**EXERCISE DETAILS:** For this task, output every entry below exactly and omit the pictures.

*** Opening DATA FOR REVIEW ***

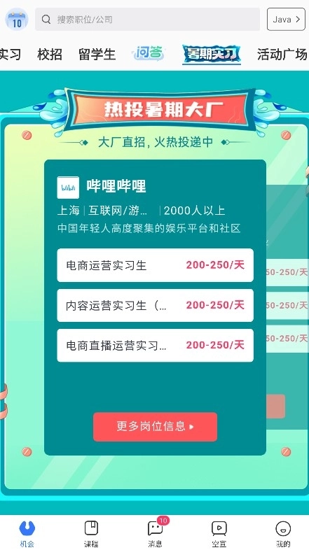 4、暑期实习是该软件的一大特色板块,也是进入大厂的优质机会,一定要把握好。
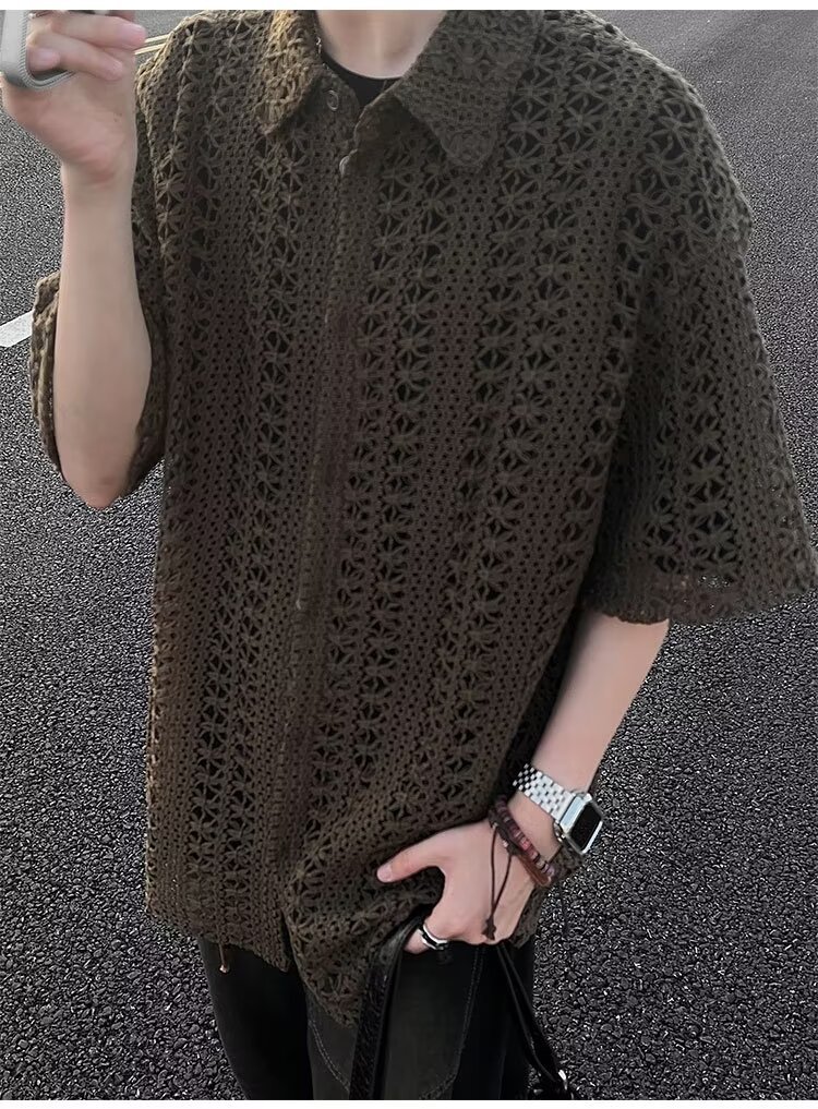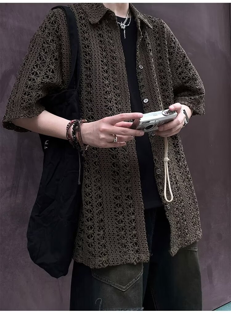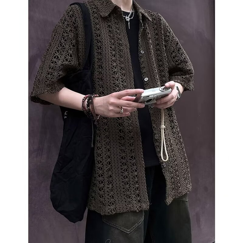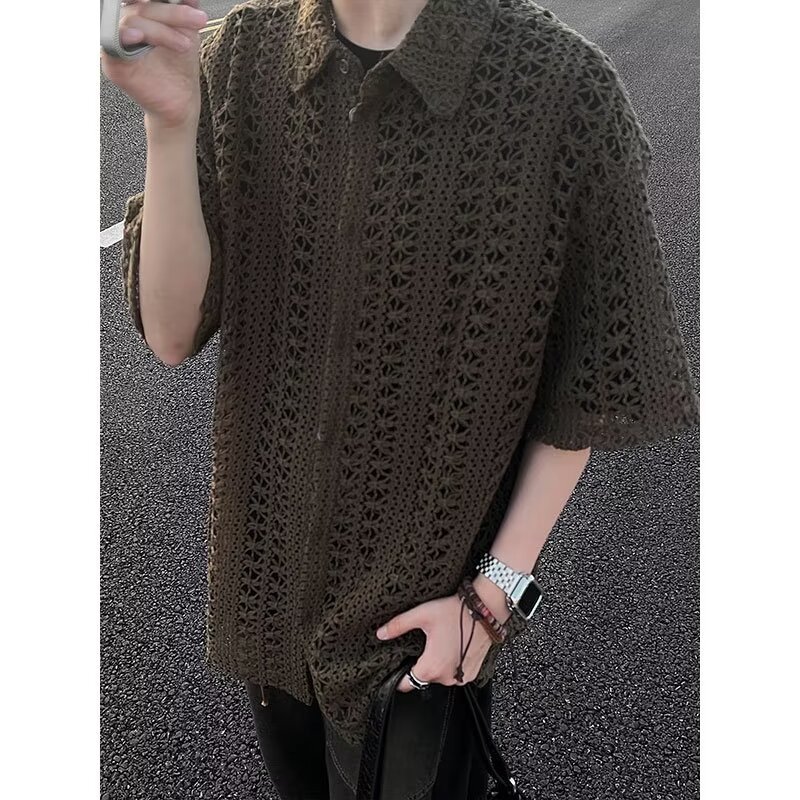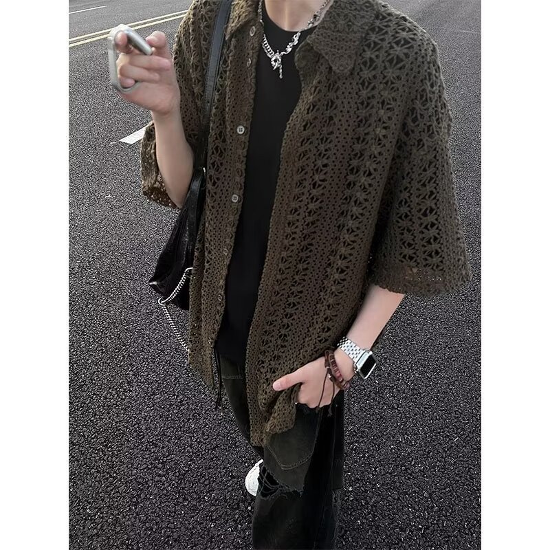 여름 아메리칸 스타일 레트로 앤티크 다목적 카키 앤티크 니트 할로우 통기성 느슨한 휴가 남성용 반팔 셔츠스토어 가기
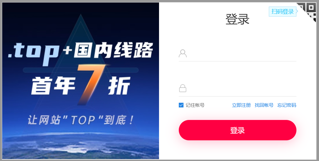 域名注册成功后,即可进入【管理中心】——【域名】——【顶级域名】页面,管理域名。
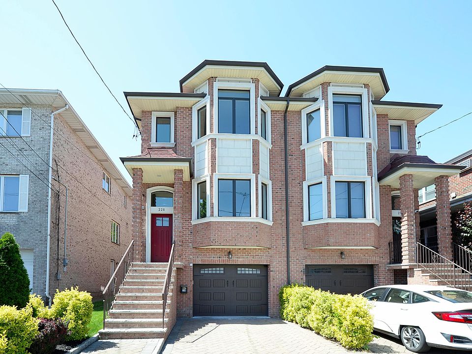 Welcome to your dream home! This newly renovated luxury townhouse offers approximately 2700 sqft of modern living space, featuring 3 BR, 2 full BA & 2 half BA. The home boasts open floor plan with designer finishes, high 9ft ceilings, and beautiful hardwood floors throughout. The main level includes spacious living room and cozy gas fireplace, modern eat-in kitchen with brand new stainless steel appliances, granite countertops, and built-in breakfast nook, large deck, and formal dining room. The upper level features primary bedroom with 13 ft ceilings, 3 closets, en suite bathroom with skylight, jacuzzi tub, double vanity, and stand up shower, two additional bedrooms with ample closet space, full bath, and laundry room. The ground level offers fully finished family room with half bath and entrance to private backyard, heated 1.5 car garage with Tesla charger. Additional features include Smart Thermostats, central AC, close to NYC transportation, restaurants, and shops
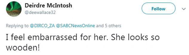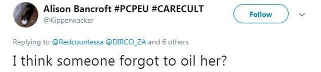 网友称,我真是为她感到尴尬啊,她看起来是这么木讷。天空新闻记者艾伦·麦吉尼斯补充道:特蕾莎·梅被拖到舞池里,不得已才跳舞的。
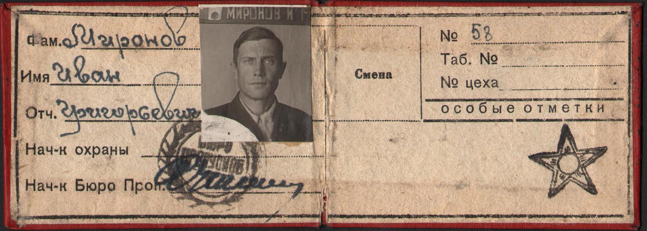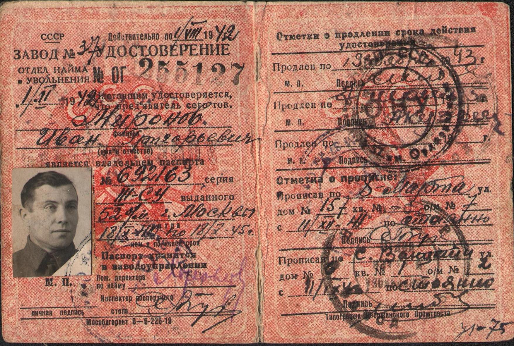 Удостоверение рабочего завода № 37 города Свердловска Ивана Григорьевича Миронова. 1944 год.

*** Closing DATA FOR REVIEW ***

**ANSWER AREA:**
 4、暑期实习是该软件的一大特色板块,也是进入大厂的优质机会,一定要把握好。
 여름 아메리칸 스타일 레트로 앤티크 다목적 카키 앤티크 니트 할로우 통기성 느슨한 휴가 남성용 반팔 셔츠스토어 가기
 域名注册成功后,即可进入【管理中心】——【域名】——【顶级域名】页面,管理域名。
 Welcome to your dream home! This newly renovated luxury townhouse offers approximately 2700 sqft of modern living space, featuring 3 BR, 2 full BA & 2 half BA. The home boasts open floor plan with designer finishes, high 9ft ceilings, and beautiful hardwood floors throughout. The main level includes spacious living room and cozy gas fireplace, modern eat-in kitchen with brand new stainless steel appliances, granite countertops, and built-in breakfast nook, large deck, and formal dining room. The upper level features primary bedroom with 13 ft ceilings, 3 closets, en suite bathroom with skylight, jacuzzi tub, double vanity, and stand up shower, two additional bedrooms with ample closet space, full bath, and laundry room. The ground level offers fully finished family room with half bath and entrance to private backyard, heated 1.5 car garage with Tesla charger. Additional features include Smart Thermostats, central AC, close to NYC transportation, restaurants, and shops
 网友称,我真是为她感到尴尬啊,她看起来是这么木讷。天空新闻记者艾伦·麦吉尼斯补充道:特蕾莎·梅被拖到舞池里,不得已才跳舞的。
 Удостоверение рабочего завода № 37 города Свердловска Ивана Григорьевича Миронова. 1944 год.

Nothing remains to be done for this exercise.